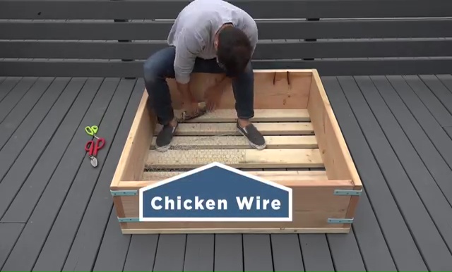 - After that, turn the upside down of the box, take two equal pieces of chicken net and set them inside the box through the entire bottom.
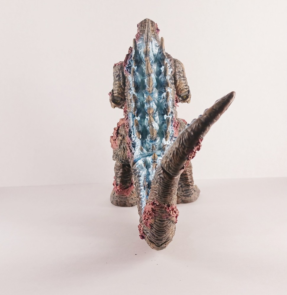 Bandai namco godzilla minus one action figure, repainted to give godzilla his look from the final scene of godzilla minus one, also has custom added on scars from when he forced down to the ocean floor and rise up again. the scars are made from sculpting hot glue on to the figure. the figure comes with an heat ray accessorie.
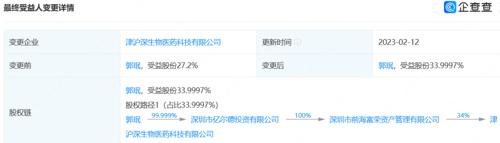 2023年2月12日,郭珉在亿尔德投资的股权比例进一步上升至99.999%,其在津沪深医药的受益股份也因此上升至33.9997%。
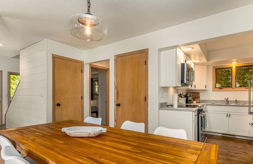 The interior is air conditioned throughout, offering a well-equipped kitchen with stainless steel appliances, an indoor dining space for when the weather turns crisp, and high-speed WiFi in case you're hoping to work from home. A private washer/dryer is on hand as well.

Instructions for the task: Your task is to copy exactly the lines from the line containing "Bandai namco godzilla" through the final line of the listing above and to omit every picture.

Answer space:
 Bandai namco godzilla minus one action figure, repainted to give godzilla his look from the final scene of godzilla minus one, also has custom added on scars from when he forced down to the ocean floor and rise up again. the scars are made from sculpting hot glue on to the figure. the figure comes with an heat ray accessorie.
 2023年2月12日,郭珉在亿尔德投资的股权比例进一步上升至99.999%,其在津沪深医药的受益股份也因此上升至33.9997%。
 The interior is air conditioned throughout, offering a well-equipped kitchen with stainless steel appliances, an indoor dining space for when the weather turns crisp, and high-speed WiFi in case you're hoping to work from home. A private washer/dryer is on hand as well.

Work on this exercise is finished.